Data supplied:
+-------+

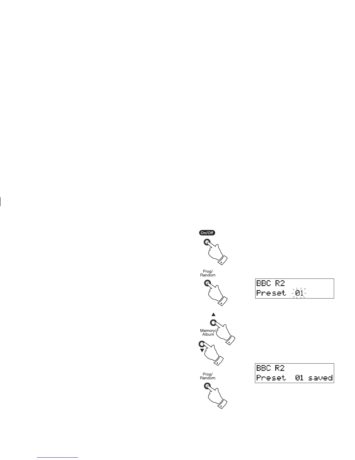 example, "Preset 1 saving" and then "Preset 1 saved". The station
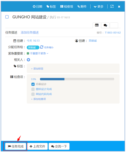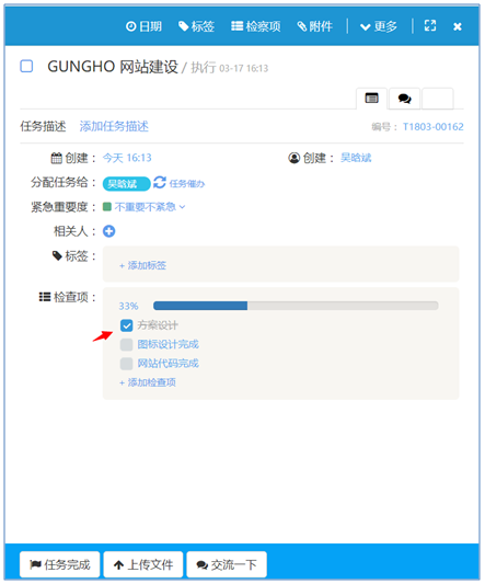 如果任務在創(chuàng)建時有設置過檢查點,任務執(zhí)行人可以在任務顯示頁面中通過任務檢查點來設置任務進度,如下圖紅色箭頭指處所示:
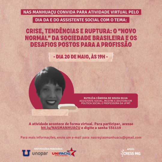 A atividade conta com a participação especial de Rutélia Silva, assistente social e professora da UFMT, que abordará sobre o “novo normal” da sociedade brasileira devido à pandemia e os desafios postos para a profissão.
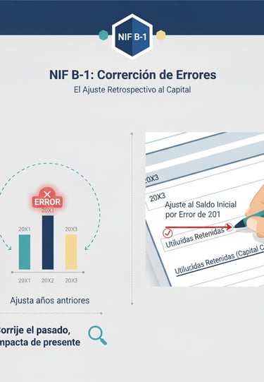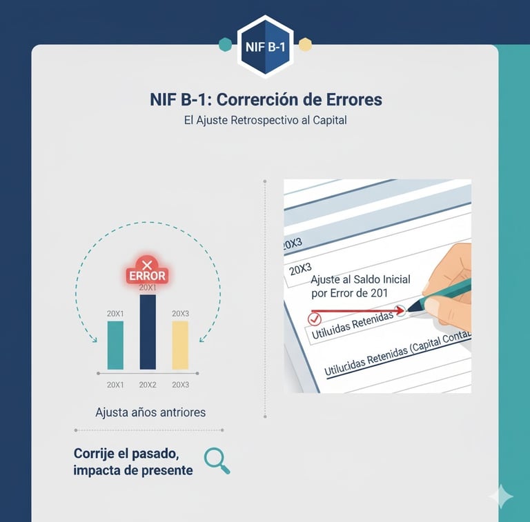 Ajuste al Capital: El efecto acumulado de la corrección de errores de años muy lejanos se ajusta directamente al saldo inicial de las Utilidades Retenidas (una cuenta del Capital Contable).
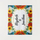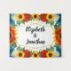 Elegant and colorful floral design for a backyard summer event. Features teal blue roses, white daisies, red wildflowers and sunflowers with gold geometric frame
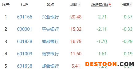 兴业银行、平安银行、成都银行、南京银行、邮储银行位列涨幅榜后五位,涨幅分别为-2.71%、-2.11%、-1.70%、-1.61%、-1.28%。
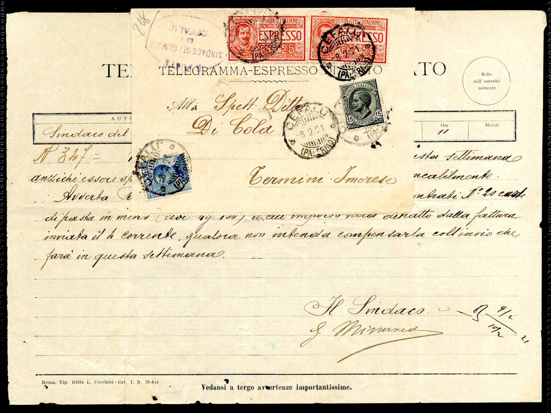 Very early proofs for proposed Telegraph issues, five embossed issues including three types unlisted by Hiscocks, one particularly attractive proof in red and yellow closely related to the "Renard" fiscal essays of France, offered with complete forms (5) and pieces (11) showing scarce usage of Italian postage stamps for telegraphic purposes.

+-------+

Task directions:
Repeat the material above exactly; pictures do not belong in the copy.

Answer to the problem:
 example, "Preset 1 saving" and then "Preset 1 saved". The station
 如果任務在創(chuàng)建時有設置過檢查點,任務執(zhí)行人可以在任務顯示頁面中通過任務檢查點來設置任務進度,如下圖紅色箭頭指處所示:
 A atividade conta com a participação especial de Rutélia Silva, assistente social e professora da UFMT, que abordará sobre o “novo normal” da sociedade brasileira devido à pandemia e os desafios postos para a profissão.
 Ajuste al Capital: El efecto acumulado de la corrección de errores de años muy lejanos se ajusta directamente al saldo inicial de las Utilidades Retenidas (una cuenta del Capital Contable).
 Elegant and colorful floral design for a backyard summer event. Features teal blue roses, white daisies, red wildflowers and sunflowers with gold geometric frame
 兴业银行、平安银行、成都银行、南京银行、邮储银行位列涨幅榜后五位,涨幅分别为-2.71%、-2.11%、-1.70%、-1.61%、-1.28%。
 Very early proofs for proposed Telegraph issues, five embossed issues including three types unlisted by Hiscocks, one particularly attractive proof in red and yellow closely related to the "Renard" fiscal essays of France, offered with complete forms (5) and pieces (11) showing scarce usage of Italian postage stamps for telegraphic purposes.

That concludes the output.